From mrg@eterna.com.au  Mon Aug 15 02:23:23 2011
Return-Path: <mrg@eterna.com.au>
Received: from mail.netbsd.org (mail.netbsd.org [204.152.190.11])
	by www.NetBSD.org (Postfix) with ESMTP id A9B9E63BE67
	for <gnats-bugs@gnats.NetBSD.org>; Mon, 15 Aug 2011 02:23:23 +0000 (UTC)
Message-Id: <20110815022321.669C23752A@splode.eterna.com.au>
Date: Mon, 15 Aug 2011 12:23:21 +1000 (EST)
From: mrg@eterna.com.au
Reply-To: mrg@eterna.com.au
To: gnats-bugs@gnats.NetBSD.org
Subject: GCC 4.5.3 and sparc re-triggers the NULL savefpstate IPI issue
X-Send-Pr-Version: 3.95

>Number:         45255
>Category:       port-sparc
>Synopsis:       GCC 4.5.3 and sparc re-triggers the NULL savefpstate IPI issue
>Confidential:   no
>Severity:       critical
>Priority:       high
>Responsible:    mrg
>State:          closed
>Class:          sw-bug
>Submitter-Id:   net
>Arrival-Date:   Mon Aug 15 02:25:00 +0000 2011
>Closed-Date:    Sat Jun 20 17:30:52 +0000 2020
>Last-Modified:  Sat Jun 20 17:30:52 +0000 2020
>Originator:     matthew green
>Release:        NetBSD 5.99.55
>Organization:
people's front against (bozotic) www (softwar foundation)
>Environment:
System: NetBSD russian-intervention.eterna23.net 5.99.55 NetBSD 5.99.55 (_russian_) #7: Fri Aug 12 14:07:48 PDT 2011  mrg@xotica.eterna23.net:/var/obj/sparc/usr/src3/sys/arch/sparc/compile/_russian_ sparc
Architecture: sparc
Machine: sparc
>Description:

	we need to revert this comment (again):

Module Name:    src
Committed By:   mrg
Date:           Mon Aug 15 02:19:45 UTC 2011

Modified Files:
        src/sys/arch/sparc/sparc: cpu.c cpuvar.h genassym.cf locore.s

Log Message:
re-introduce the NULL savefpstate IPI checks and evcnts.  something
is Wrong with GCC 4.5.3 and these trigger.  i haven't seen anything
else particularly wrong so for now this will allow sparc to switch
to GCC 4.5, which otherwise seems to be working very well for me.

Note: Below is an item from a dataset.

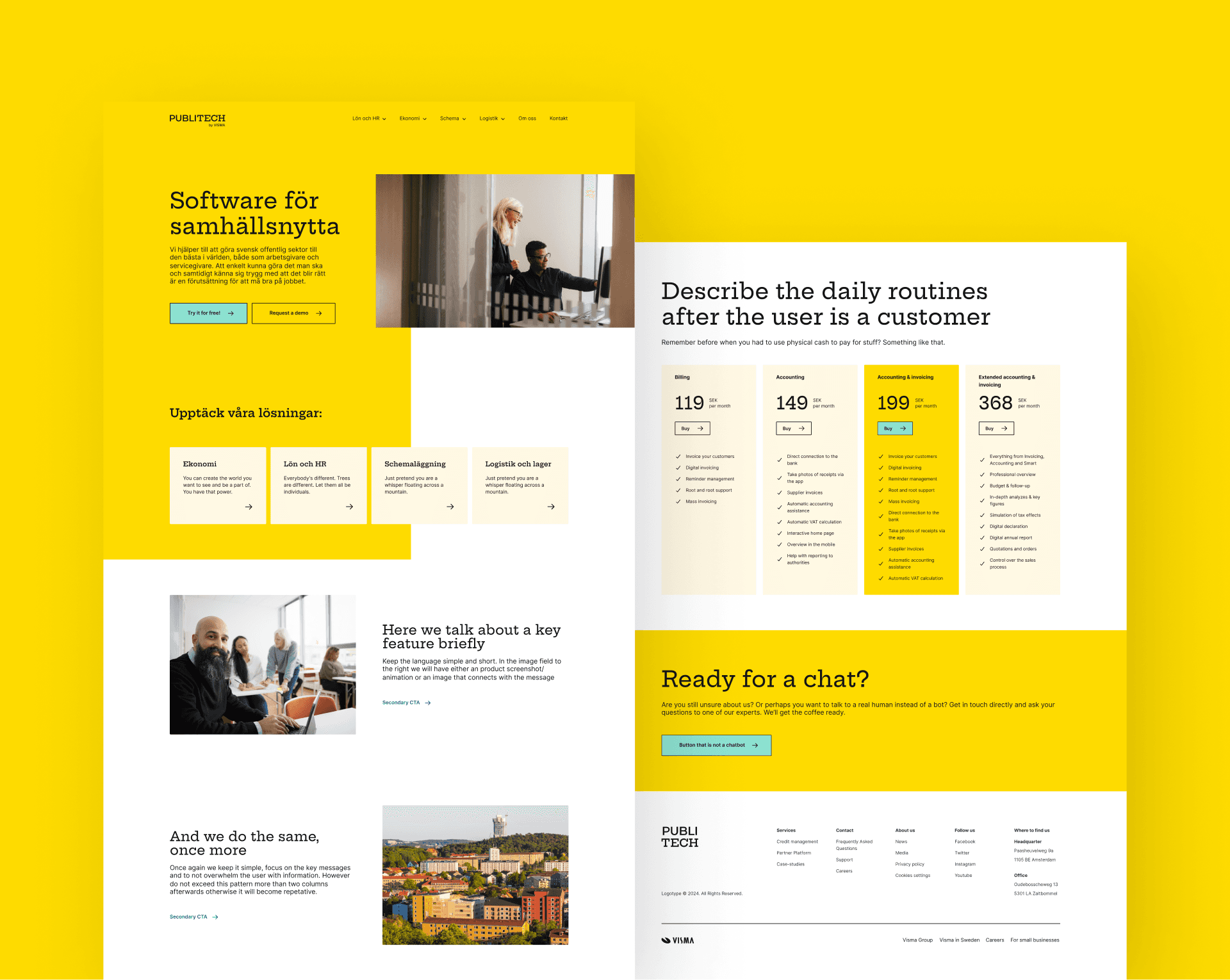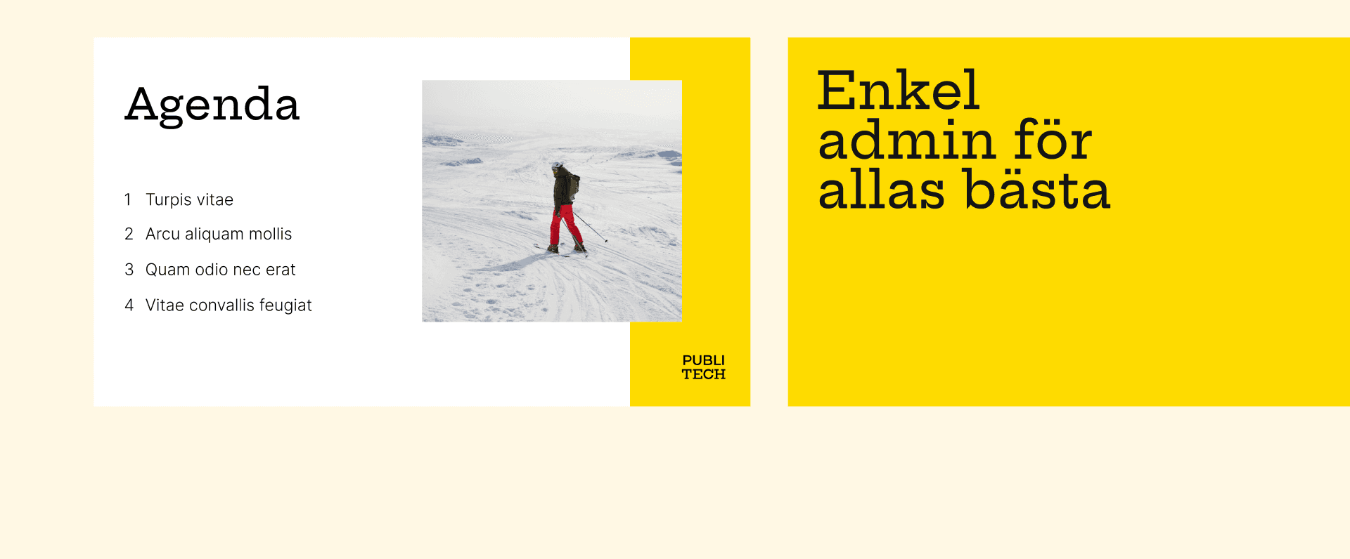 Utworzenie spójnej identyfikacji wizualnej, zgodnej ze strategią komunikacji, oddającej hasło "modern Sweden". Ukazanie Publitech jako nowoczesnego rozwiązania technologicznego, które chce służyć szwedzkiemu społeczeństwu i działać na rzecz wspólnego dobra poprzez wspieranie w codziennych zadaniach pracowników sektora publicznego.

sigh.  i'm going to file a PR to research what is really wrong here.


To generate a diff of this commit:
cvs rdiff -u -r1.233 -r1.234 src/sys/arch/sparc/sparc/cpu.c
cvs rdiff -u -r1.89 -r1.90 src/sys/arch/sparc/sparc/cpuvar.h
cvs rdiff -u -r1.66 -r1.67 src/sys/arch/sparc/sparc/genassym.cf
cvs rdiff -u -r1.264 -r1.265 src/sys/arch/sparc/sparc/locore.s

	but first the problem it works around that is re-introduced
	with GCC 4.5.3 needs to be figured out.

	my first guess is that some asm() has poor constraints or
	some other netbsd code bug.  i doubt it is a GCC bug, but
	you never really know.

>How-To-Repeat:

	use a sparc kernel built with GCC 4.5.3 heavily.  without
	the above change, it should panic fairly often.  with the
	above change, event counters will tell you how many times
	the panic was avoided.

>Fix:

>Release-Note:

>Audit-Trail:
From: Hauke Fath <hf@spg.tu-darmstadt.de>
To: gnats-bugs@NetBSD.org
Cc: port-sparc-maintainer@NetBSD.org, gnats-admin@NetBSD.org
Subject: Re: port-sparc/45255: GCC 4.5.3 and sparc re-triggers the NULL
 savefpstate IPI issue
Date: Mon, 15 Aug 2011 13:55:39 +0200

 At 2:25 Uhr +0000 15.08.2011, mrg@eterna.com.au wrote:
 >	use a sparc kernel built with GCC 4.5.3 heavily.  without
 >	the above change, it should panic fairly often.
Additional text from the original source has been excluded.